*** Opening DATA BLOCK ***

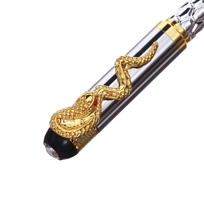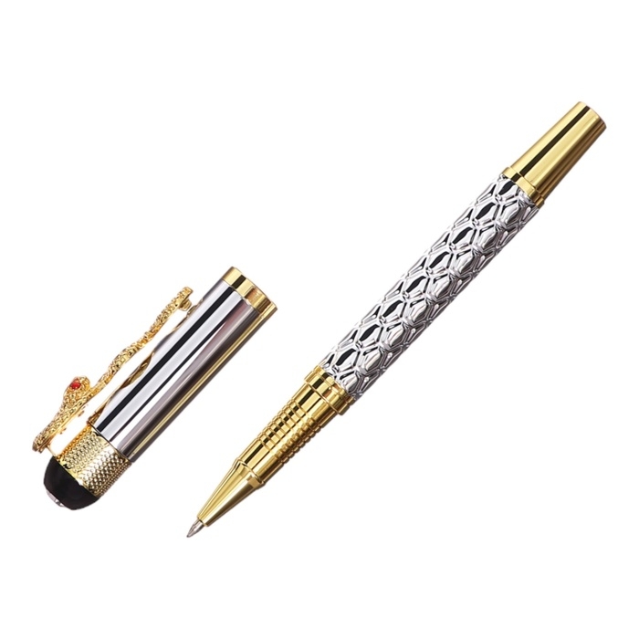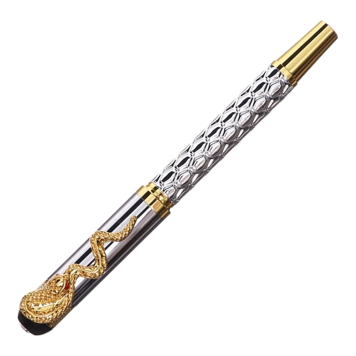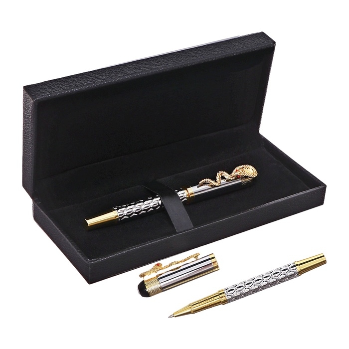 Ручка подарочная роллер в кожзам футляре Змея корпус золото/серебро
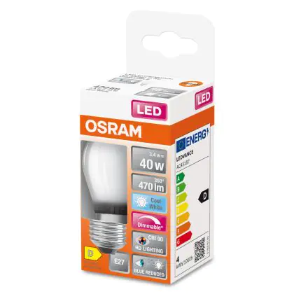 Beschrijving Osram LED Superstar E27 Kogel Filament Mat 3.4W 470lm - 940 Koel Wit | Beste Kleurweergave - Dimbaar - Vervangt 40W
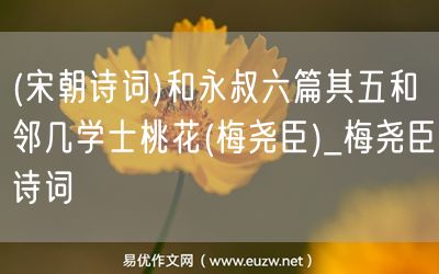 易優(yōu)作文網(wǎng)——(宋朝詩詞)和永叔六篇其五和鄰幾學(xué)士桃花(梅堯臣)_梅堯臣詩詞

*** Closing DATA BLOCK ***

* [WHAT IS NEEDED]
Reproduce, exactly and with no pictures, the lines from the line containing "Beschrijving Osram LED" through the closing line of the data above, keeping both ends.

* [RESPONSE TO THIS EXERCISE]
 Beschrijving Osram LED Superstar E27 Kogel Filament Mat 3.4W 470lm - 940 Koel Wit | Beste Kleurweergave - Dimbaar - Vervangt 40W
 易優(yōu)作文網(wǎng)——(宋朝詩詞)和永叔六篇其五和鄰幾學(xué)士桃花(梅堯臣)_梅堯臣詩詞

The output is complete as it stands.